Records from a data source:
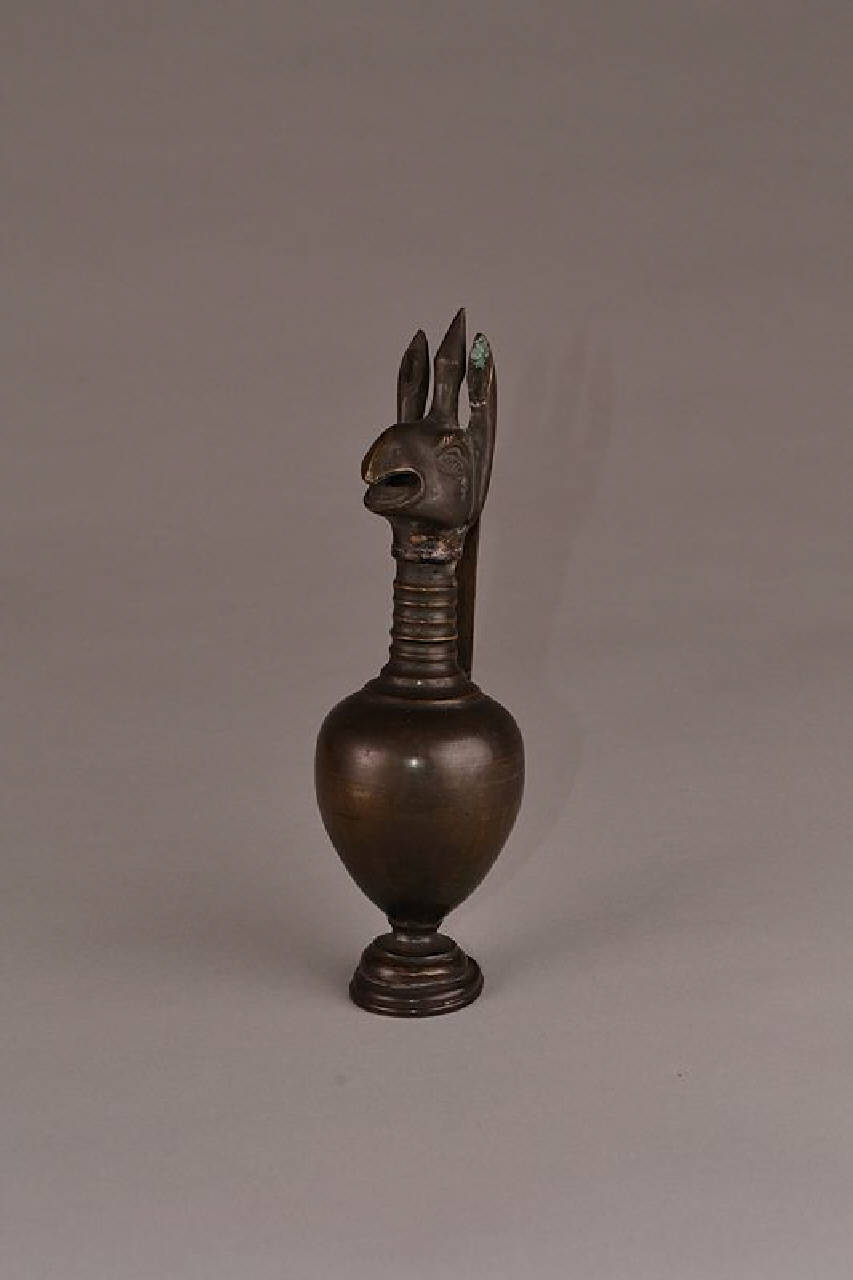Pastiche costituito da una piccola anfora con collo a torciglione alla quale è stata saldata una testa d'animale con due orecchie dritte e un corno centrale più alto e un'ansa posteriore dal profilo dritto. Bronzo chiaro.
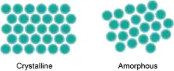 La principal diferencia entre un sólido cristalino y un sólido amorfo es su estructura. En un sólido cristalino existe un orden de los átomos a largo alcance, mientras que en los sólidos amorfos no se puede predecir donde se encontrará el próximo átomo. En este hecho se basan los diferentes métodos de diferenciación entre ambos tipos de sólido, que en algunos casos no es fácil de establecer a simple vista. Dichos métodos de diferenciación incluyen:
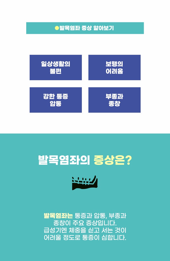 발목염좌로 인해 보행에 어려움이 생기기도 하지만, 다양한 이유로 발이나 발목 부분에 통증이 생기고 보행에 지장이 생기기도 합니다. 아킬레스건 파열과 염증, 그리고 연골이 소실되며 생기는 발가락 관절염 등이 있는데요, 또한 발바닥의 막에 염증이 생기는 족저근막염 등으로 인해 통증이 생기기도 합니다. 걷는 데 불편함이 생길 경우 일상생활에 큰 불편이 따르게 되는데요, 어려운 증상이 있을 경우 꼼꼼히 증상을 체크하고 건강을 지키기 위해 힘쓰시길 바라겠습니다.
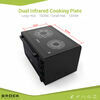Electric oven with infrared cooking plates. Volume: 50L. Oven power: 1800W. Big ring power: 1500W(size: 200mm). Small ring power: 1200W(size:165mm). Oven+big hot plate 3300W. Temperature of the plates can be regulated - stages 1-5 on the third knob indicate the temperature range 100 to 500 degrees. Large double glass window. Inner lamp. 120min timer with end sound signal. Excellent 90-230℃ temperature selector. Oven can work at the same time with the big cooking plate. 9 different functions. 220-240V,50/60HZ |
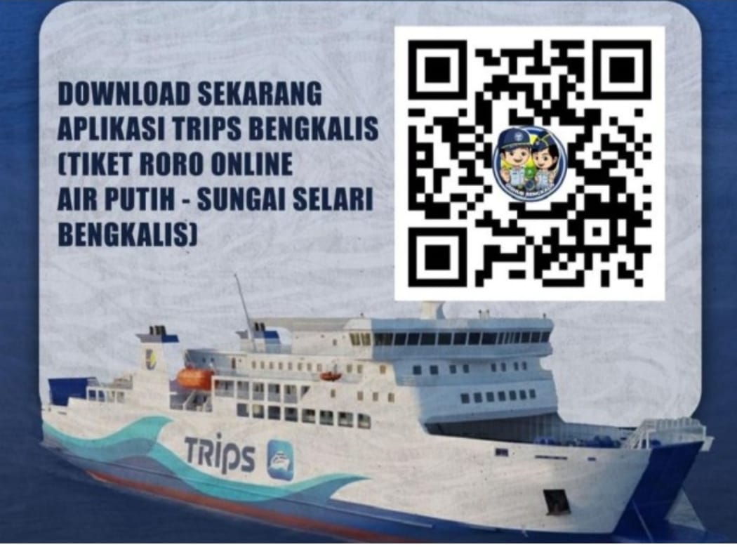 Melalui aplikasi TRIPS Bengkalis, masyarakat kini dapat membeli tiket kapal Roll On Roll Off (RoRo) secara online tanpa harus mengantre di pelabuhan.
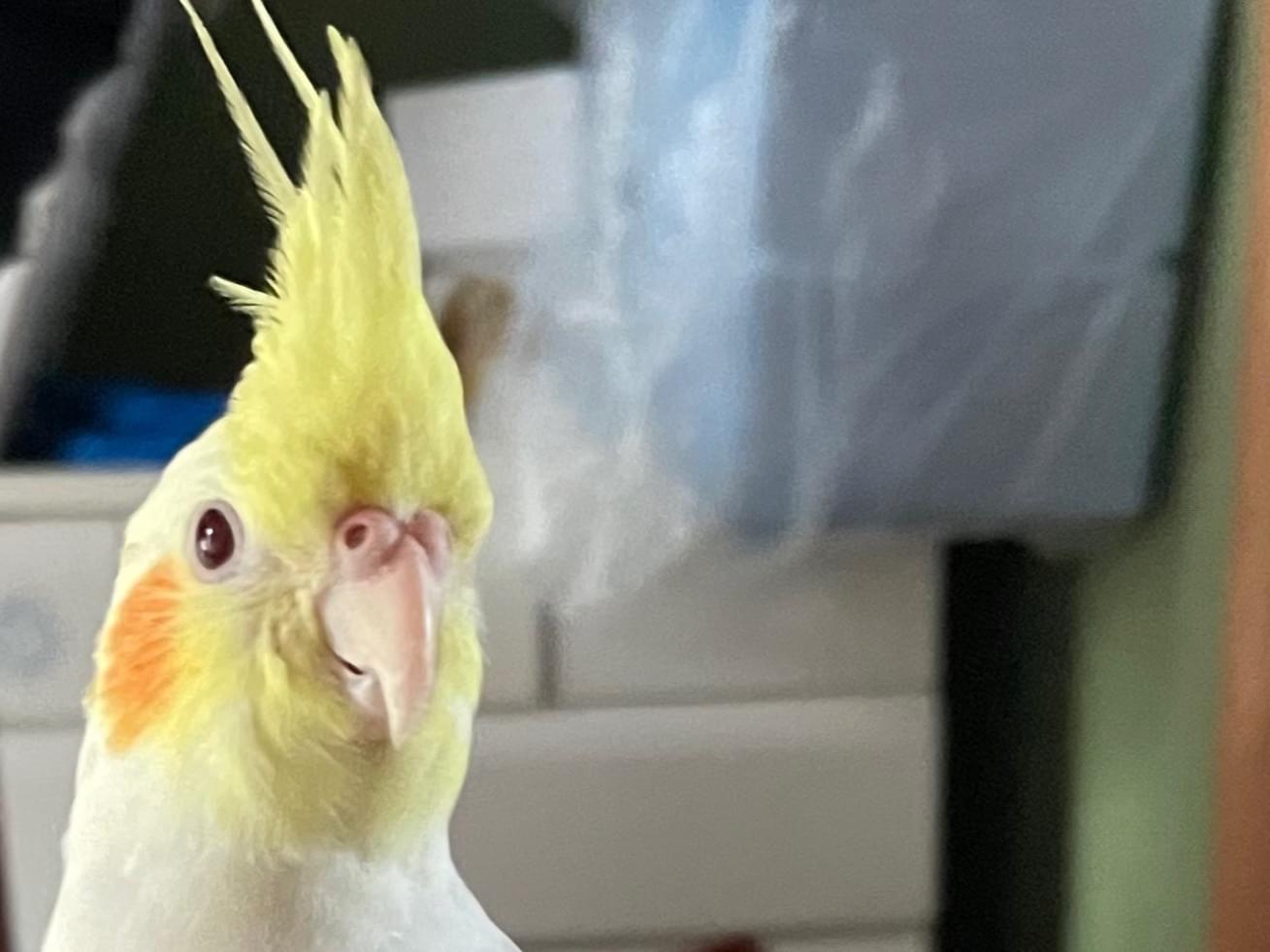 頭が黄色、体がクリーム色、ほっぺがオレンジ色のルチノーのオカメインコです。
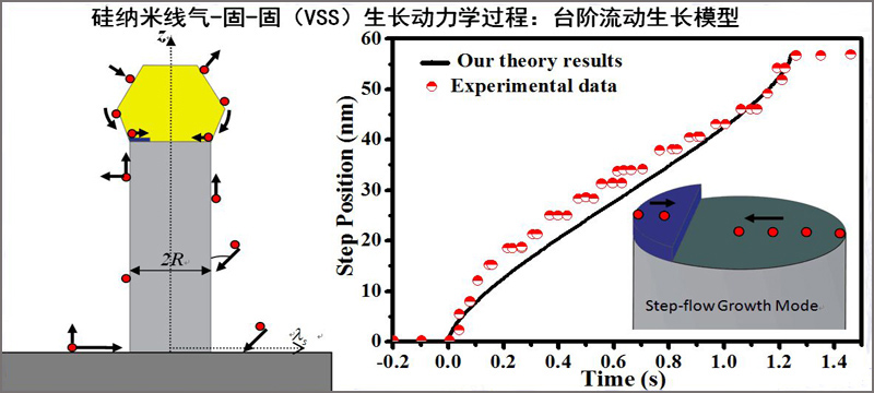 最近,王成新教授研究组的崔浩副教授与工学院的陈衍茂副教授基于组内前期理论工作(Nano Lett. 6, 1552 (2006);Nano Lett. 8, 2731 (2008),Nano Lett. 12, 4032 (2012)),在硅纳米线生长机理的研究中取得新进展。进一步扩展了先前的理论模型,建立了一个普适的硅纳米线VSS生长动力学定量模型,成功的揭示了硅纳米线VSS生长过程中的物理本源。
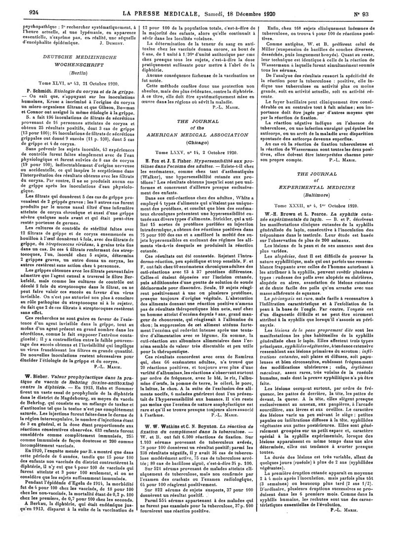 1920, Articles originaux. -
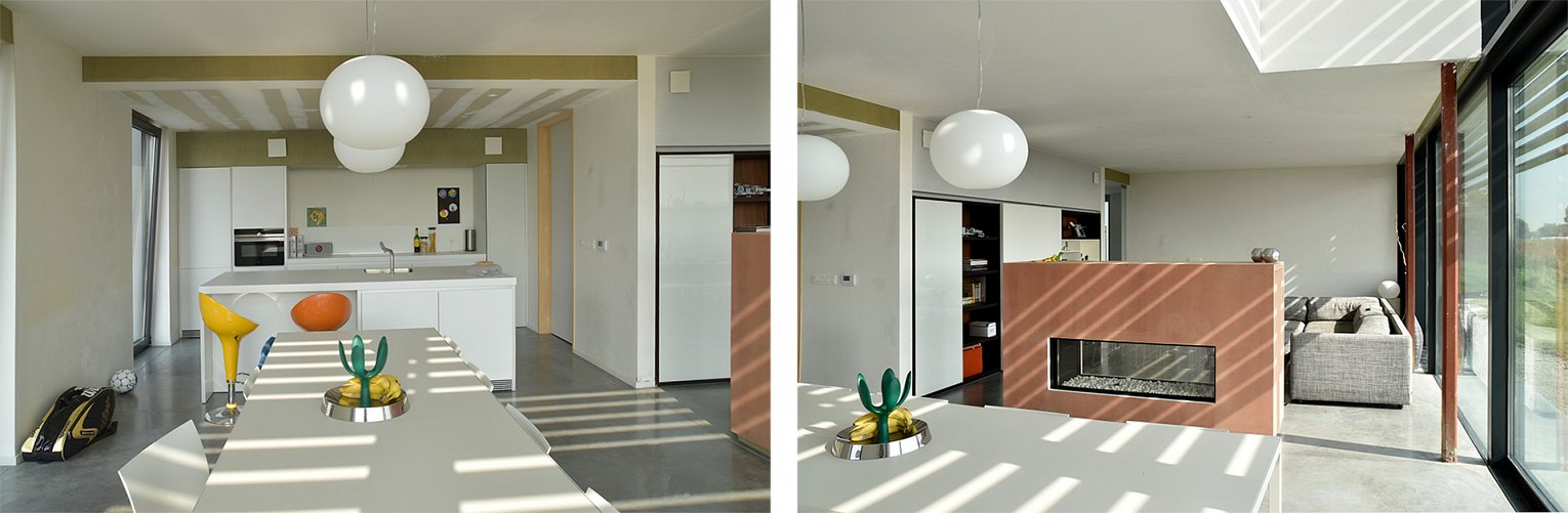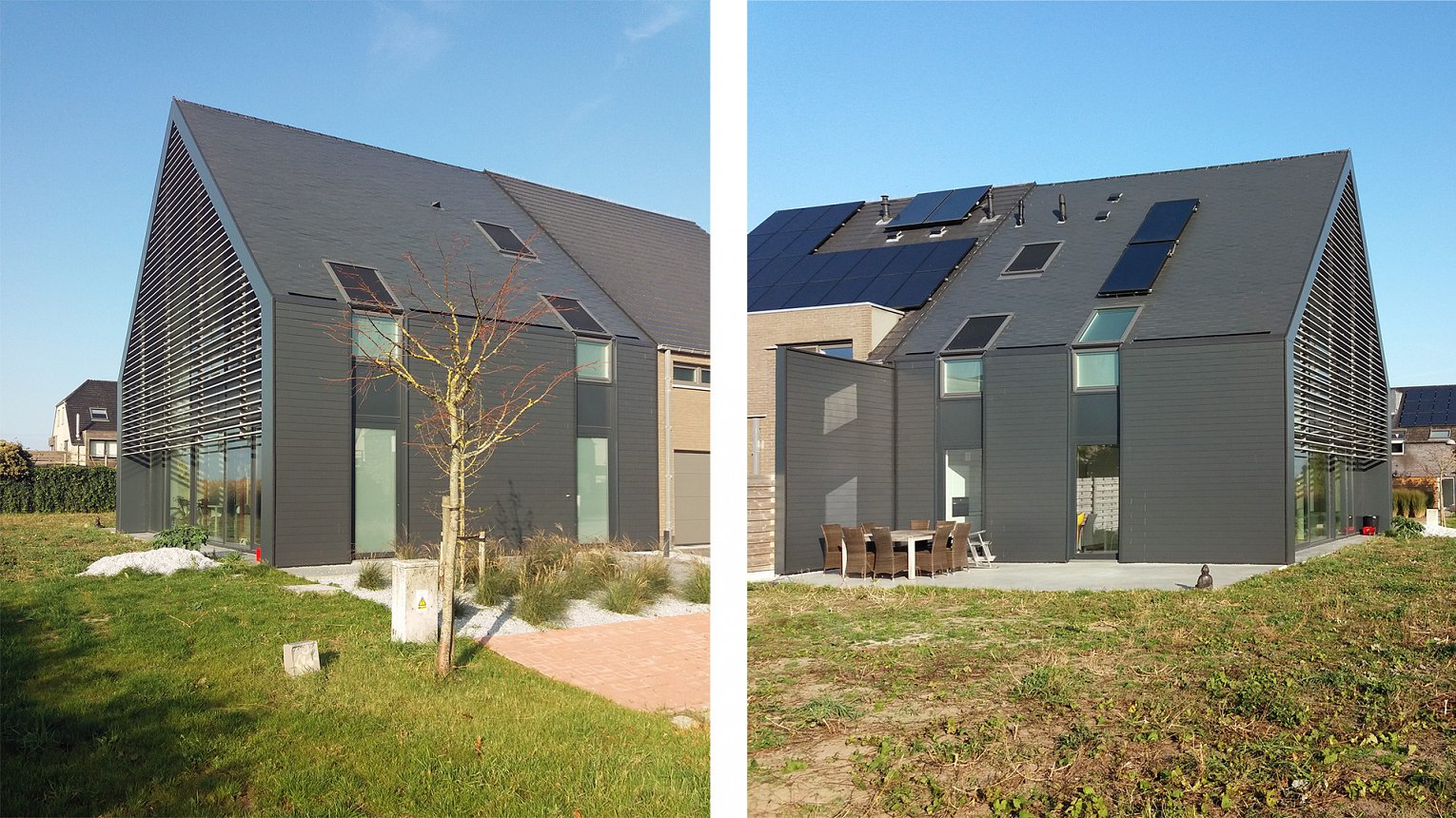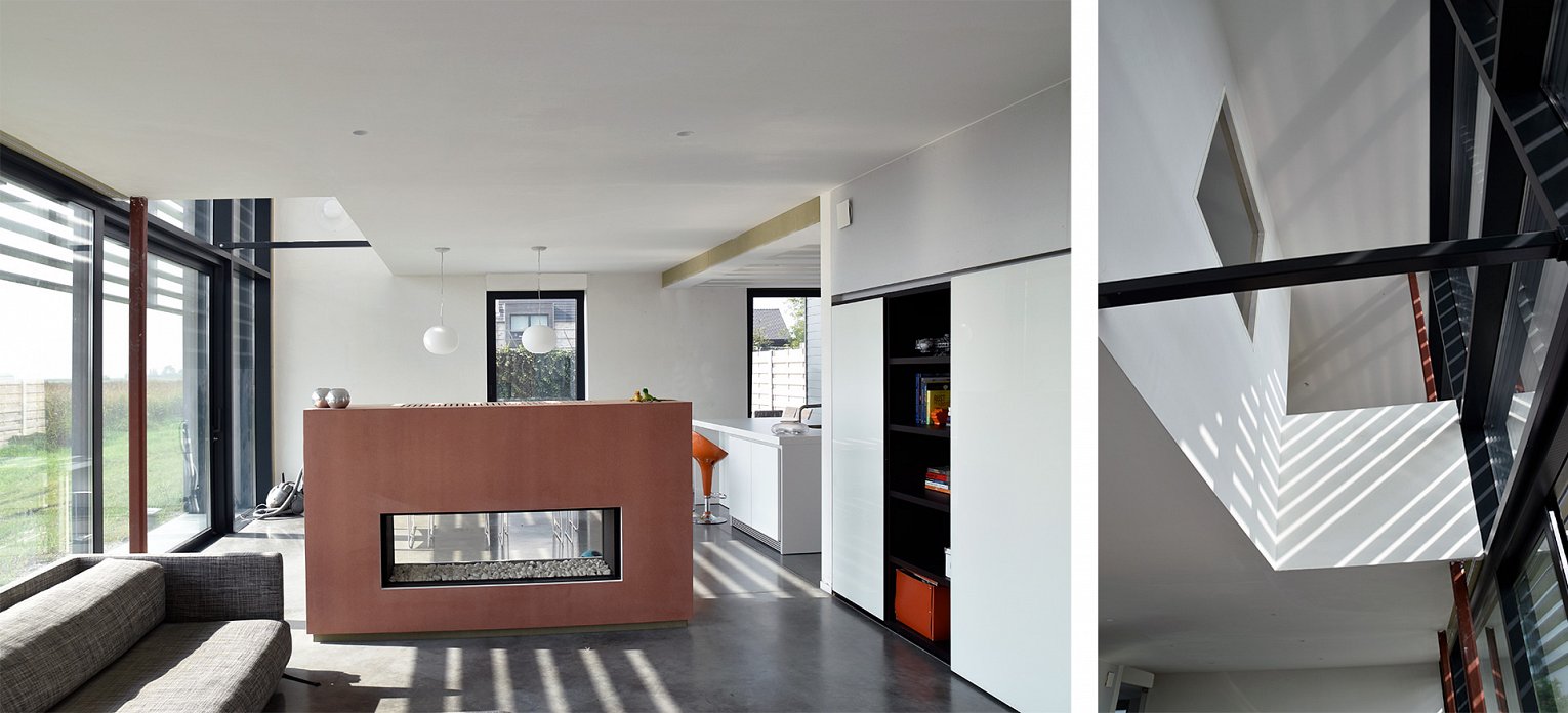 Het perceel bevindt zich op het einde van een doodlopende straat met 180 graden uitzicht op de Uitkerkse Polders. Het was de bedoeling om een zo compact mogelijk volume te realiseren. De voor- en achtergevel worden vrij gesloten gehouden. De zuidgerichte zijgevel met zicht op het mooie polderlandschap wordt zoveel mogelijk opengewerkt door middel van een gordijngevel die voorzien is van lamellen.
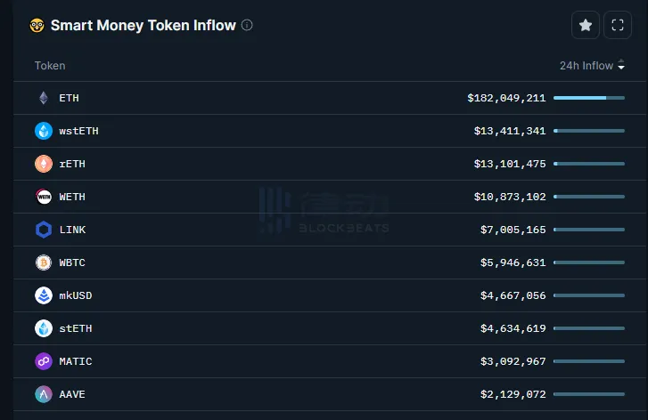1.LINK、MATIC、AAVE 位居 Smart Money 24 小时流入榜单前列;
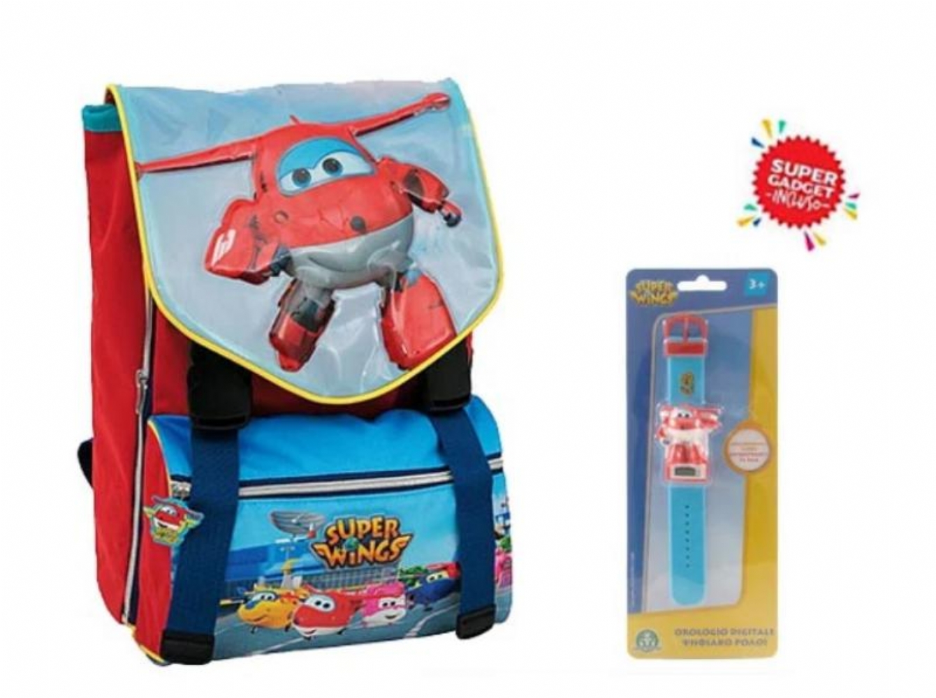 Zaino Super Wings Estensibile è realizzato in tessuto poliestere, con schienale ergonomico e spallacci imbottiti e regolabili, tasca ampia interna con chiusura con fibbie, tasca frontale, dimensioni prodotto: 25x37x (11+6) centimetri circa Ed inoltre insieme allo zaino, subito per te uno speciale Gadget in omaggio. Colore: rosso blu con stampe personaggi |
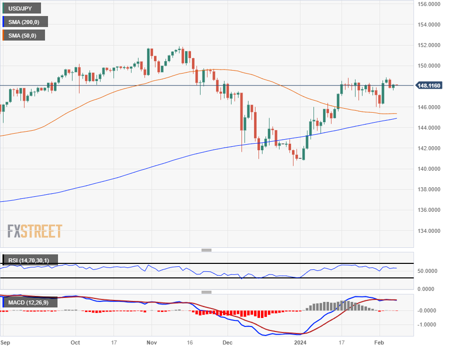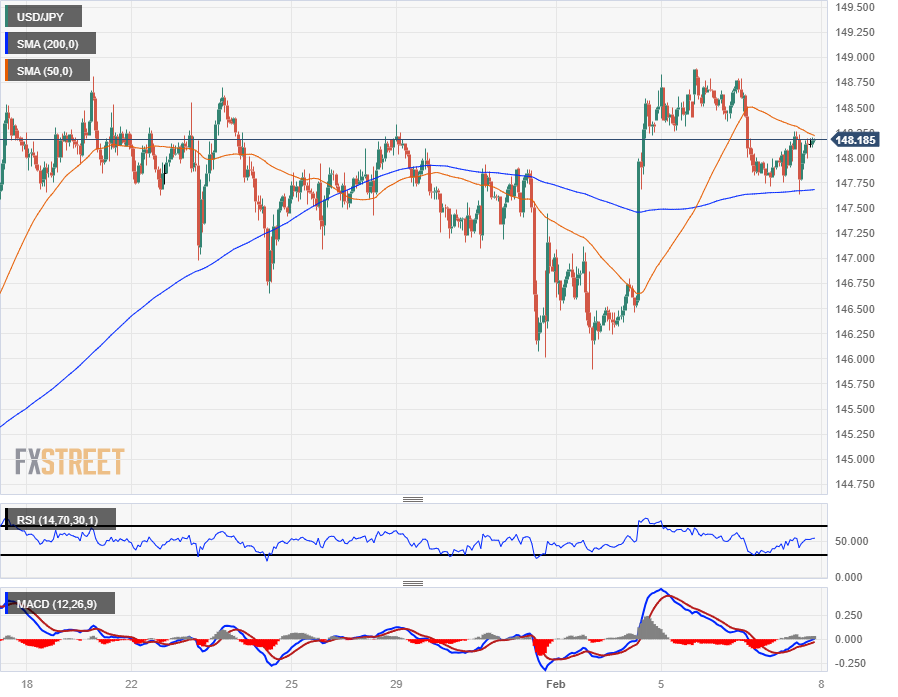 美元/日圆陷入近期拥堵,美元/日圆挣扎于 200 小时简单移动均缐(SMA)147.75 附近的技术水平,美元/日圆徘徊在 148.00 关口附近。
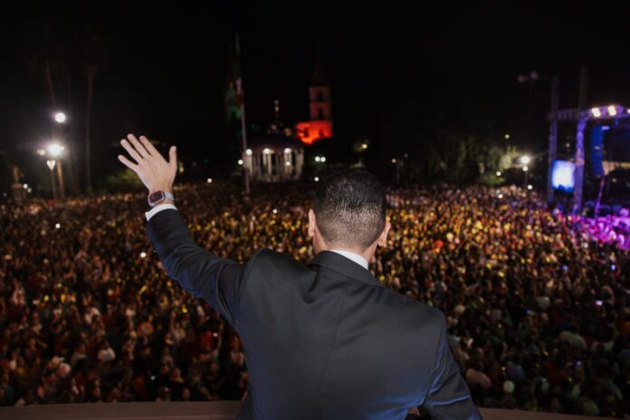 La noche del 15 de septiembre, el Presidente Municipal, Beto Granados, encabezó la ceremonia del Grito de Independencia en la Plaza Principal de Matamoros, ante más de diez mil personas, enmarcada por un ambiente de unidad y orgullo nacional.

» **Goal of the exercise**:
Pictures excluded, reproduce only the part above that opens with the line holding "1.LINK、MATIC、AAVE 位居 Smart Money 24 小时流入榜单前列;" and closes with the line holding "美元/日圆陷入近期拥堵,美元/日圆挣扎于 200 小时简单移动均缐(SMA)147.75", exactly as written.

» **Solution for this task**:
1.LINK、MATIC、AAVE 位居 Smart Money 24 小时流入榜单前列;
 Zaino Super Wings Estensibile è realizzato in tessuto poliestere, con schienale ergonomico e spallacci imbottiti e regolabili, tasca ampia interna con chiusura con fibbie, tasca frontale, dimensioni prodotto: 25x37x (11+6) centimetri circa Ed inoltre insieme allo zaino, subito per te uno speciale Gadget in omaggio. Colore: rosso blu con stampe personaggi |
 美元/日圆陷入近期拥堵,美元/日圆挣扎于 200 小时简单移动均缐(SMA)147.75 附近的技术水平,美元/日圆徘徊在 148.00 关口附近。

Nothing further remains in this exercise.